Die Familie eines 10-jährigen Jungen, der beim Versuch, Hilfe von der israelischen und US-gebackenen Humanitären Gasstiftung (GHF) getötet wurde, hat noch nicht seinen Körper genommen, mehr als zwei Monate nach dem Verschwinden. Letzte Woche, pensionierte US-Armee Soldat Anthony Aguilar, [...]
Letzte Woche, ehemaliger US-Armee-Solder Anthony Aguilar, der als Söldner für die GHF arbeitete, sagte er, dass er am 28. Mai an einem GHF Reliefpunkt im südlichen Gazastreifen die israelischen Streitkräfte tötete Abdulrahim al-Jaraba.
Dieser junge Mann, Amir, kam zu mir bare und zerrissene Kleidung, die von seinem schwachen Körper hängen. Er hatte 12km dorthin gegangen, und als er dort kam, danke er uns für die kleinen Überreste und Krübs, die er gegeben hatte. Er legte sie auf den Boden, verließ seine Nahrung und legte seine Hände auf mein Gesicht, auf den Seiten meines Gesichts, auf meine Wangen, diese zarten, schwachen Hände legte sie auf mein Gesicht und küsste mich. Er küsste mich und sprach euch auf Englisch, danke euch. Und er versammelte seine Sachen und kehrte zur Gruppe” zurück, sagte Agular.
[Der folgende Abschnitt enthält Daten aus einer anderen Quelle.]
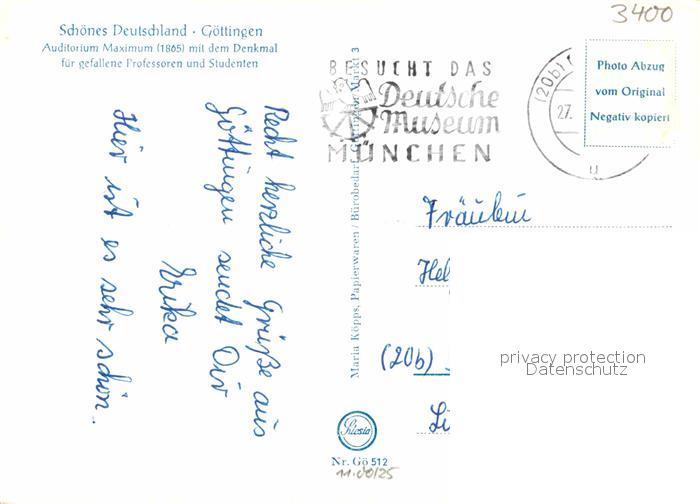 72893384 alte Postkarte Goettingen Niedersachsen Auditorium Maximum Denkmal postalisch gelaufen Erhaltung siehe scans [PaolaD17] KatCode: 11110003152012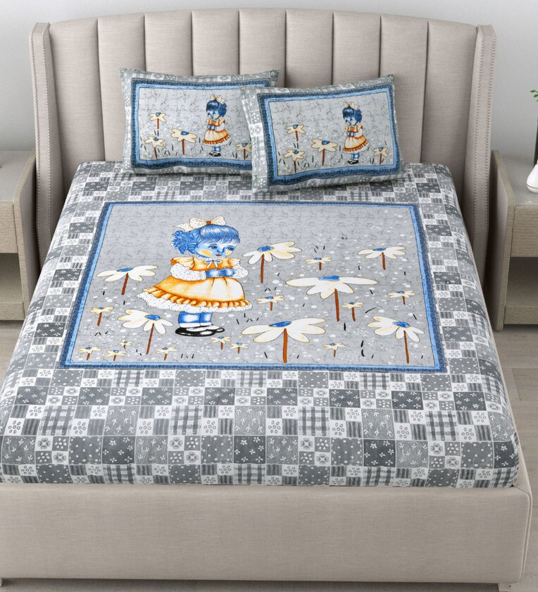 Blue Traditional 180 TC Cotton Printed Bedsheet With Two Pillow Covers For Queen Bed (Doll Printed ,Blue ,153 GSM)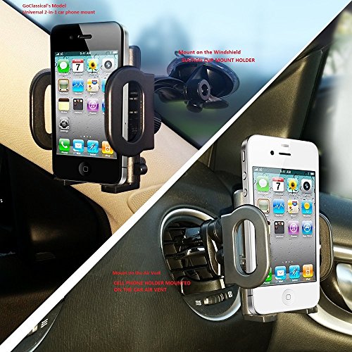 -. Feature : • CUSTOMERS, THIS IS YOUR OWN CHOICE, and now you've got no reason again to complain - EVER! Why? Simple: Because YOU are the very ones we listened to on your complaints about what YOU say is what want the most in car cell phone mounts and holders! And so, based on that, we had gone to "the drawing board" to upgrade and improve on the device! Now, with this new model from GoClassical, you've got yourselves just about everything you YOURSELF wish (and say) you want / WANT TO MOUNT ON THE WINDSHIELD (could be on your phone or your GPS)? No problem. Our suction cup system is one of the new generation suction cups that lock to any smooth or textured surface like the dashboard, hereby allowing it to be placed almost anywhere in your vehicle. And the result? With this model, there'll simply be NO MORE the old problem that plague many users of such suction cup cell phone holder mounts - such as the suction falling off just for making a simple sharp turn or bump / Or, alternatively, DO YOU PREFER TO MOUNT IT ON YOUR AIR VENT? No problem. With its special air vent attachment feature (it has two "legs" on the bottom which keeps it from sagging) that gets deep into the air vent, this ensures that the mount remains secured in place and is stable. With the use of our air vent clip holder or air vent mount holder, that immediately means there'll be no more falling off of your phone off the windshield - EVER! Holds the phone (or GPS) very firmly and securely. / INSTALLS EASY, LITERALLY IN SECONDS - for the Windshield clip holder or the AIR VENT mount holder. A special installation instructions and/or video is provided. Plus, it's easy to release, easy to clean. The result? And what this immediately TRANSLATES to for you? You'd get NO MORE falling of your phone off the windshield mount or the air vent mount; probably ever again! The clamp at the phone's back has a 360-degree adjustable swiveling feature, meaning you can rotate phone to almost wherever / THE PHONE BECOMING LOOSE OR SLIPPING OFF ON YOU? PROBABLY NEVER AGAIN - EVER! That's because of the system's special design (specifically that particular portion of the whole system that houses the phone or GPS). There is an easy-to-press switch to unlock the extending arms, hence it doesn't and would almost NEVER, EVER automatically pop open or drop the phone on you. Will always keep your device securely in place even on the bumpiest of terrains, and the mount stays perfectly attached to phone

Dann schossen sie ihn mit Pfefferspray, Tränengas, Stun Granaten und Kugeln im Bein und dann in der Luft, und er lief aus Angst, während die israelische Armee die Menge schoss.
Exklusiv: Die Familie des 10-jährigen Abdulrahim Mohammed al-Jarabbea, bekannt durch seinen Spitznamen Amir, hat Anrufe nach einer internationalen Untersuchung in seinen Klerus zurückgesandt, nachdem ein perfekt verteiltes Video ihm gezeigt hat, dass er von einem US-amerikanischen in Gaza verkauft wurde.
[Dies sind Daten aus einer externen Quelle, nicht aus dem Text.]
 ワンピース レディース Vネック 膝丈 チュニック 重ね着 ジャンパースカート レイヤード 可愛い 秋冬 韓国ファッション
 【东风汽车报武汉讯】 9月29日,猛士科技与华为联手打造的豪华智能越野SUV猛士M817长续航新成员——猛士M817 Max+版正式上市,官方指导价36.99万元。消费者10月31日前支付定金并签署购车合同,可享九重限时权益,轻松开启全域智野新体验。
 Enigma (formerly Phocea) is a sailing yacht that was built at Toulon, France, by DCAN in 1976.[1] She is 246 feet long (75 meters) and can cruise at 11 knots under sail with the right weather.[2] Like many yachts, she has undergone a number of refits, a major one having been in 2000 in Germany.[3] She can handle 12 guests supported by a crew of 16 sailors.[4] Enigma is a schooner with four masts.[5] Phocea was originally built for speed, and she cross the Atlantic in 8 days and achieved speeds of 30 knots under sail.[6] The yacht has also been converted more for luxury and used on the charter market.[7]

Die... Pic.twitter. com/caZ9YKp5K0
(@Middle East Eye) August 1, 2025
Sie schießen auf diesem mob und palästinensischen Zivilisten, Menschen fallen auf den Boden, werden erschossen. Und Amir war einer von ihnen”, sagte er.
Amirs Cousin, Qusai al-Jarabéa, sagte, die Familie hätte gehofft, dass er noch lebendig sein würde, obwohl er vor mehr als zwei Monaten verschwunden ist.
“Er fehlt noch, sein Schicksal ist unbekannt”, sagte Qusai, dass sein Körper noch nicht gefunden wurde.
Das Herz des jeden gebrochen. Aber er ist nicht das erste Kind, noch wird er das letzte zu verschwinden sein. Israel richtet sich an Kinder”, fügte er hinzu.
Seit dem 28. Mai, als Amir berichtete, eine GHF-Reliefsstätte im südlichen Gazastreifen besucht hatte, sagte sein Stiefmutter Siham al-Jarabéa, er hatte sich mit jedem Klinik- und Funktionskrankenhaus in Verbindung gebracht und verlangte jegliche Lebensschilder.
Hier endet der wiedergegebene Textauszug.